■ SUPPLIED INFORMATION ■
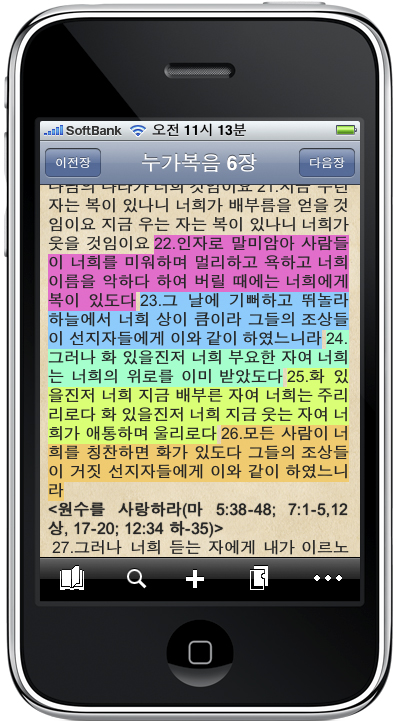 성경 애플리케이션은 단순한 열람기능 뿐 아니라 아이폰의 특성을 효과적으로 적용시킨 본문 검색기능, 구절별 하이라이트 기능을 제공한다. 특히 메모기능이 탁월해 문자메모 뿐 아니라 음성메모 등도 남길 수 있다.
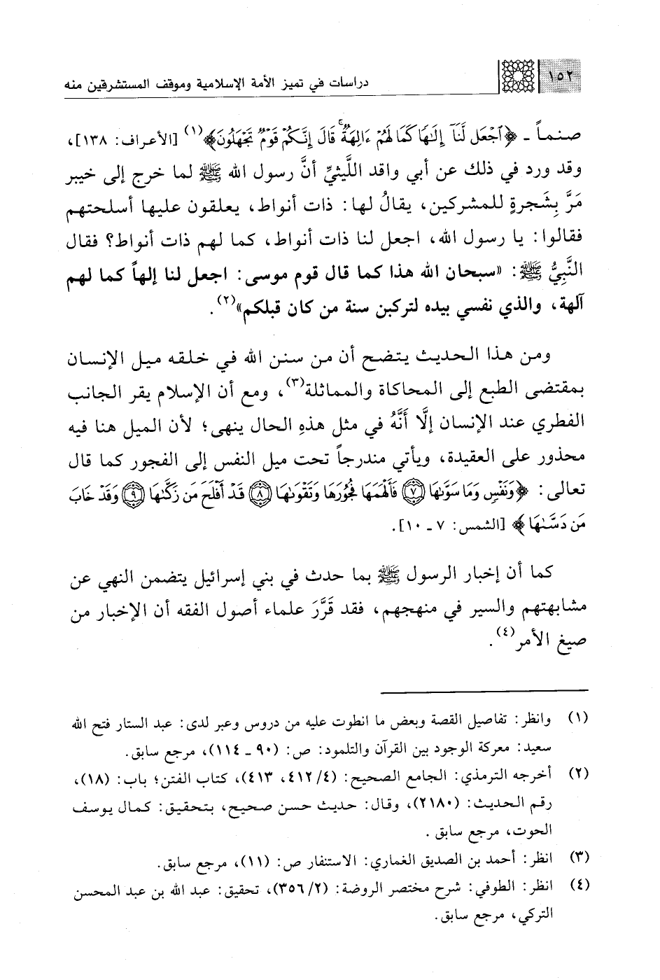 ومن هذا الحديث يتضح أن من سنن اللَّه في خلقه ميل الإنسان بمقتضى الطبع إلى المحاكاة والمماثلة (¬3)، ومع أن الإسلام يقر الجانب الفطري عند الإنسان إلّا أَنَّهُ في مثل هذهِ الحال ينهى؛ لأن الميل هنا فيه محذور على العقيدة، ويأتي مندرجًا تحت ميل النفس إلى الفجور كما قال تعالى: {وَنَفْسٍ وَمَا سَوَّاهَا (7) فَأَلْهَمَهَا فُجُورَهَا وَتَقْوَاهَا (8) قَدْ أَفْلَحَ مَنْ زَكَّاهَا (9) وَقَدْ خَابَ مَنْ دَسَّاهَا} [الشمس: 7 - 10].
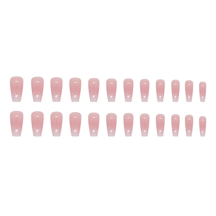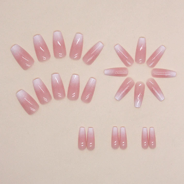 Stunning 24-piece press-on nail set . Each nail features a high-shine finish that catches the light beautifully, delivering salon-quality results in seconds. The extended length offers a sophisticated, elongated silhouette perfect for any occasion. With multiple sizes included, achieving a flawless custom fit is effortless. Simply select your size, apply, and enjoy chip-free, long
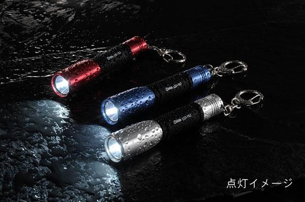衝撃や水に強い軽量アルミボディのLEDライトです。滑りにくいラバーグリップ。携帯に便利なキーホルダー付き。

■ TASK ■
Return only the lines running from the top of the data to the line that holds "ومن هذا الحديث". Include both of those lines, but skip the pictures.

■ EXERCISE ANSWER ■
 성경 애플리케이션은 단순한 열람기능 뿐 아니라 아이폰의 특성을 효과적으로 적용시킨 본문 검색기능, 구절별 하이라이트 기능을 제공한다. 특히 메모기능이 탁월해 문자메모 뿐 아니라 음성메모 등도 남길 수 있다.
 ومن هذا الحديث يتضح أن من سنن اللَّه في خلقه ميل الإنسان بمقتضى الطبع إلى المحاكاة والمماثلة (¬3)، ومع أن الإسلام يقر الجانب الفطري عند الإنسان إلّا أَنَّهُ في مثل هذهِ الحال ينهى؛ لأن الميل هنا فيه محذور على العقيدة، ويأتي مندرجًا تحت ميل النفس إلى الفجور كما قال تعالى: {وَنَفْسٍ وَمَا سَوَّاهَا (7) فَأَلْهَمَهَا فُجُورَهَا وَتَقْوَاهَا (8) قَدْ أَفْلَحَ مَنْ زَكَّاهَا (9) وَقَدْ خَابَ مَنْ دَسَّاهَا} [الشمس: 7 - 10].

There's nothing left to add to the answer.